MDR Application Procedure

Based on the product classification, the manufacturer must apply for an applicable conformity assessment procedure.

The application forms requesting detailed information can be accessed here.

Step-by-step information for each of the  conformity assessment procedures (using the  relevant Annex) is highlighted below. The graphics also provide an overview of the procedures for different device classes and types as well as relevant surveillance activities. Specific device types require additional assessments, which are listed in the tables below.

English and/or German are the only acceptable languages for the submission of documentation and any related correspondence.

The certification costs are based on hourly rates and take into account factors such as the size of company, sites, number and complexity of devices, etc.

The standard fees for the conformity assessment activities delivered by TÜV SÜD Germany are as follows:

Audit and QM System Assessment Services

Hourly Rate 

Audit

290€ 

Assessment of Change Notifications and Extensions for Quality Systems, MDR, IVDR

290€

Clinical Audit

290€ 

Technical Documentation Assessment Service

 

Technical Documentation Assessment Offsite

390€

Clinical Assessment

390€

 Technical Documentation Assessment Onsite for Class I* and Class II non-implantable

490€ 

conformity assessment procedures under MDR

Conformity assessment procedures under MDR

*Class III implantable devices, class III with incorporated medicinal product, class III utilising tissues or cells of human or animal origin, class IIb active devices intended to administer and/or remove a medicinal product

+Refer to the Nando website for the applicable products and procedures/annexes (update link once designation EU 2017/745 is available)

Annex IX

CONFORMITY ASSESSMENT BASED ON A QUALITY MANAGEMENT SYSTEM AND ON THE ASSESSMENT OF TECHNICAL DOCUMENTATION

Chapter I: Quality Management System (QMS)

1. Application Management

  • Customer enquiry with application form
  • Non-binding quotation
  • Purchase order
  • Purchase order confirmation
2. Auditing (Full QMS)
  • Development of an audit programme
  • Customer submits company profile information
  • Documentation review (company profile information, QM documentation etc.)
  • Development of an audit plan
  • On-Site audit
  • Audit report

3. Technical Documentation (for classes IIa, IIb)
(Assessment of the technical documentation is performed before or during routine audits)

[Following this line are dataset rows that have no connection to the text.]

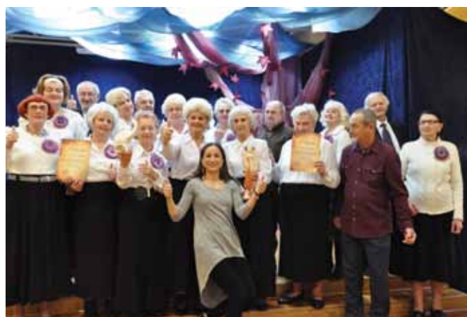
Chór „Wrzosa” - I miejsce w kat. „Piosenka 20-lecia Międzywojennego”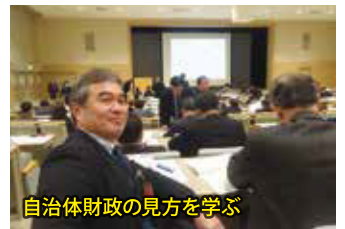
自治体財政の見方を学ぶ

・地方自治体の財政運営と、自治体財政指標の見方を学ぶ。そしてグループに分かれて財政指標分析の演習を行い、議員としての役割についても学ぶ。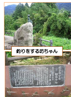
釣りをする坊ちゃん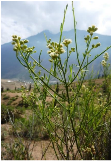
Figura 2. Baccharis spartea Benth.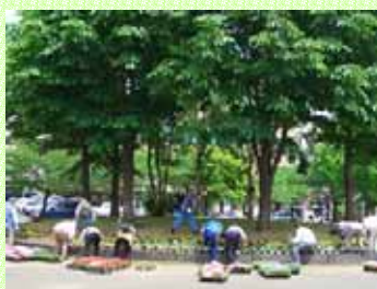
こんなに広い範囲を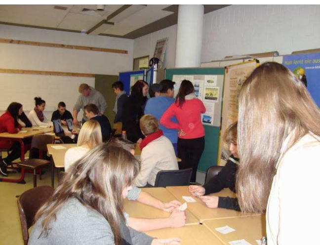
Von vorne nach hinten betrachtet: Station „Tierversuche“,

  • Customer submits technical documentation
  • Customer receives deficiency report (if applicable)
  • Customer addresses deficiencies
  • Final report released
4. Certification
  • QMS certificate(s) issued

Chapter II: Assessment of Technical Documentation (additional for classes III, IIb impl.)

1. Application Management
  • Customer enquiry with application form
  • Non-binding quotation
  • Purchase order
  • Purchase order confirmation

2. Technical Documentation Assessment

  • Customer submits technical documentation
  • Customer receives deficiency report (if applicable)
  • Customer addresses deficiencies
  • Final report released

3. Certification

  • Product certificate(s) issued

Annex X 

CONFORMITY ASSESSMENT BASED ON TYPE-EXAMINATION
 
1. Application Management
  • Customer enquiry with application form
  • Non-binding quotation
  • Purchase order
  • Purchase order confirmation

2. Assessment of Technical Documentation

  • Customer submits technical documentation
  • Customer receives deficiency report (if applicable)
  • Customer addresses deficiencies
  • Partial report

3. Testing

  • Generate test plan
  • Testing according to test plan
  • Partial technical report(s)

4. Certification

  • Final technical report
  • Type-examination certificate issued

5. Additionally required: conformity assessment according to Annex XI-A XI-B

annex XI

CONFORMITY ASSESSMENT BASED ON PRODUCT CONFORMITY VERIFICATION

1. Annex XI (Conformity assessment based on product conformity verification)

  • Annex XI-A (solely for classes IIa, Is, Im, Irsi) 
  • Annex XI-B (solely for class IIa)
  • Annex XI-A (sections 6 and 7) in addition to Annex XI-B (for class IIa sterile)

2. Annex XI in addition to Annex X (Conformity assessment based on product conformity verification and type-examination)

  • Annex XI-A - in addition to Annex X (for classes III, IIb, IIb impl.) 
  • Annex XI-B - in addition to Annex X (for classes III, IIb, IIb impl.)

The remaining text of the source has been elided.